Exercise: Drop all images. Then write out each line below exactly as given.

[Given data Boundary: Start]

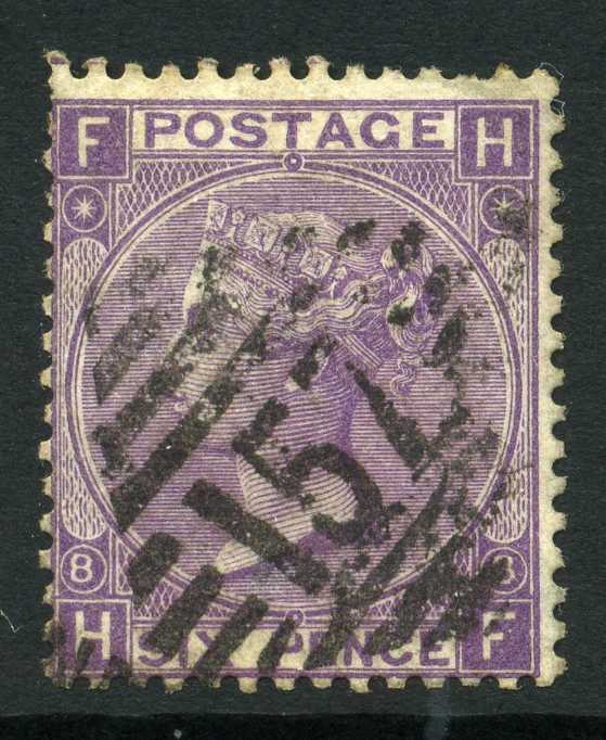GB031 Image | 1867-80 wmk. Spray 6d Violet Plate 8 used with 157 numeral.
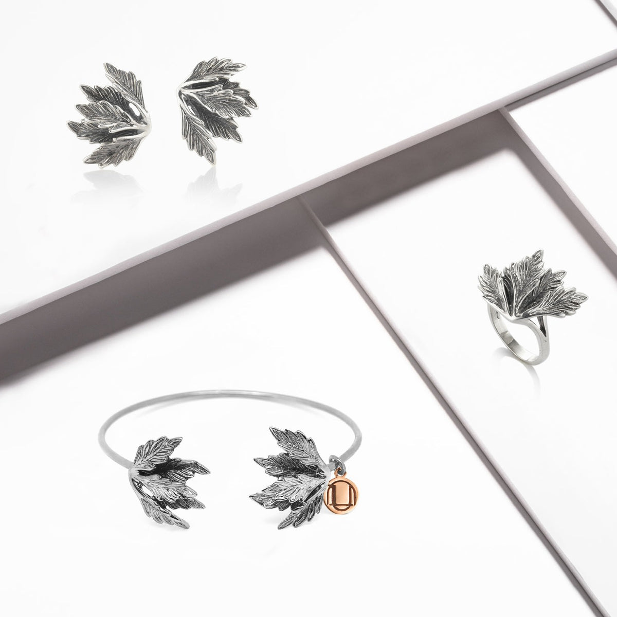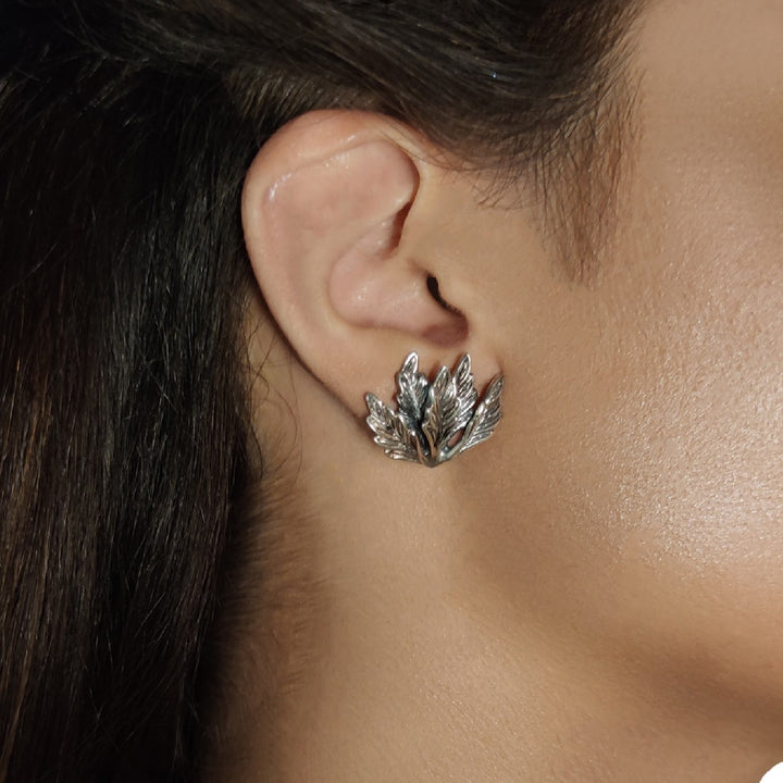 Sterling Silver Leaf Stud Earrings – Shiny And Natural Design – Artisan Jewelry For Women – Unaloe Jewellery For Women
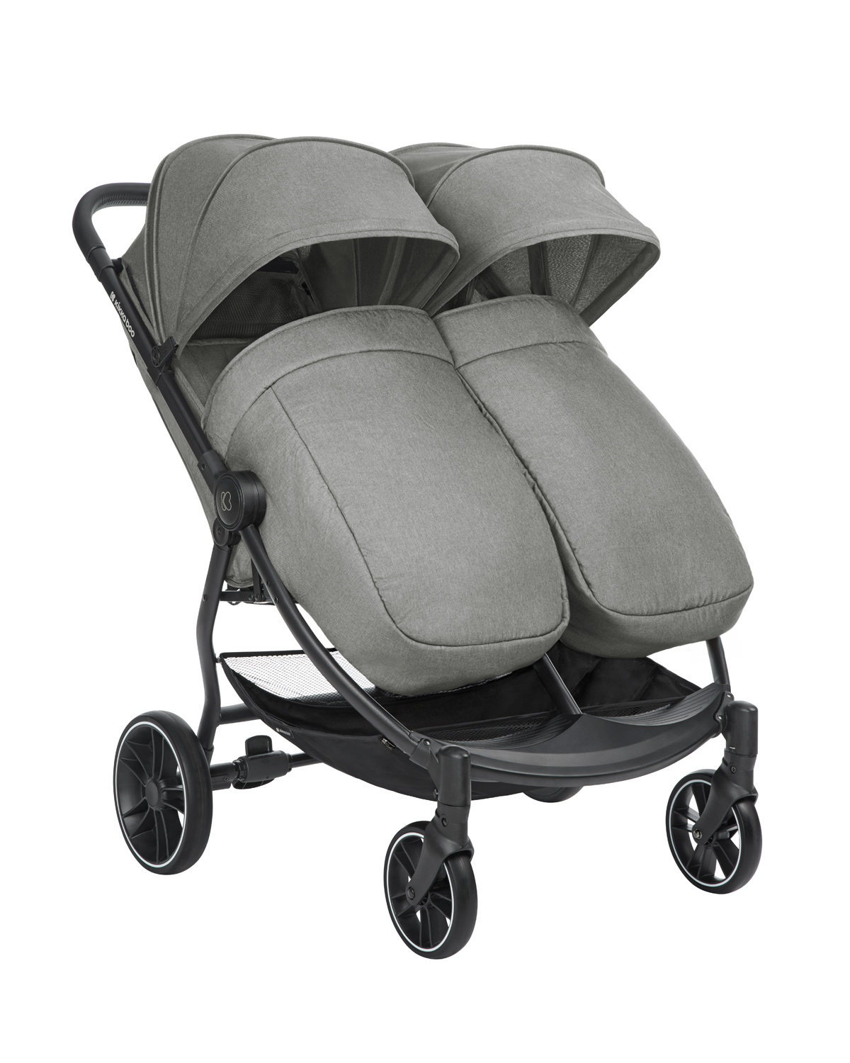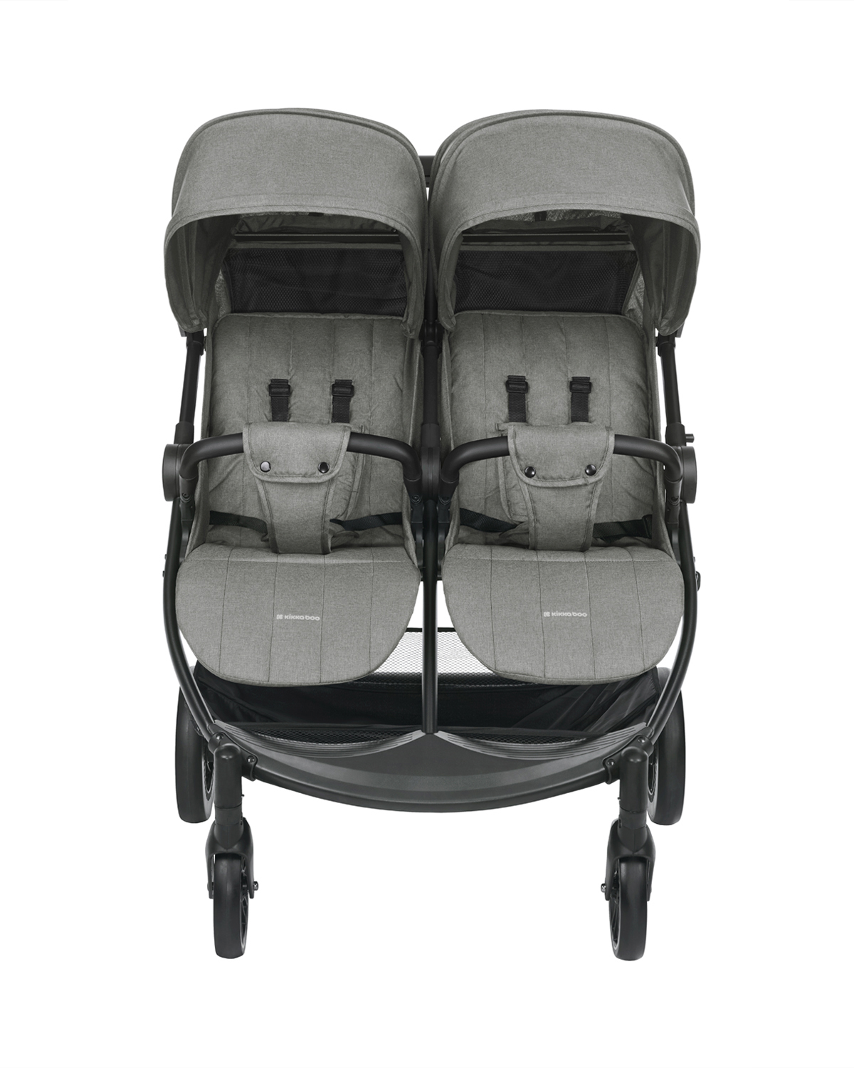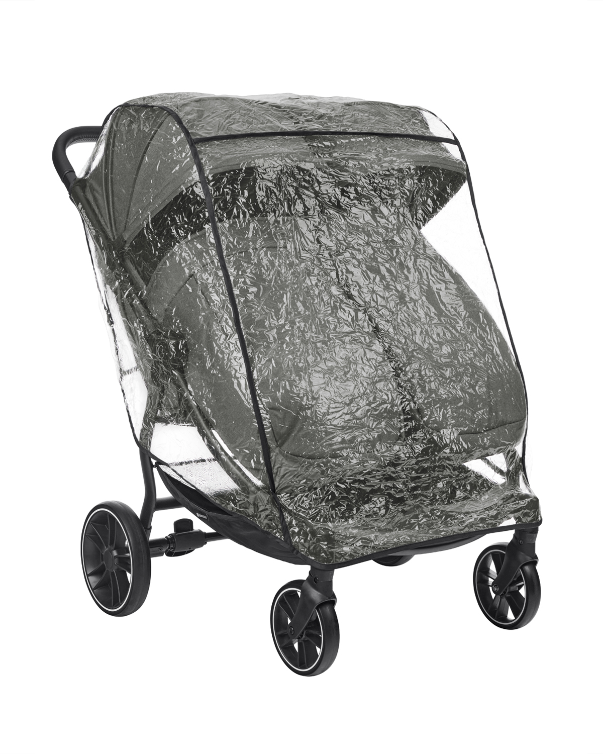 • Тествано в съответствие с EN 1888-2:2018+A1:2022 от SGS Standards Technical Services. Включени аксесоари: Покривала за крачетата на двете седалки, дъждобран.

[Given data Boundary: End]

Answer area:
GB031 Image | 1867-80 wmk. Spray 6d Violet Plate 8 used with 157 numeral.
 Sterling Silver Leaf Stud Earrings – Shiny And Natural Design – Artisan Jewelry For Women – Unaloe Jewellery For Women
 • Тествано в съответствие с EN 1888-2:2018+A1:2022 от SGS Standards Technical Services. Включени аксесоари: Покривала за крачетата на двете седалки, дъждобран.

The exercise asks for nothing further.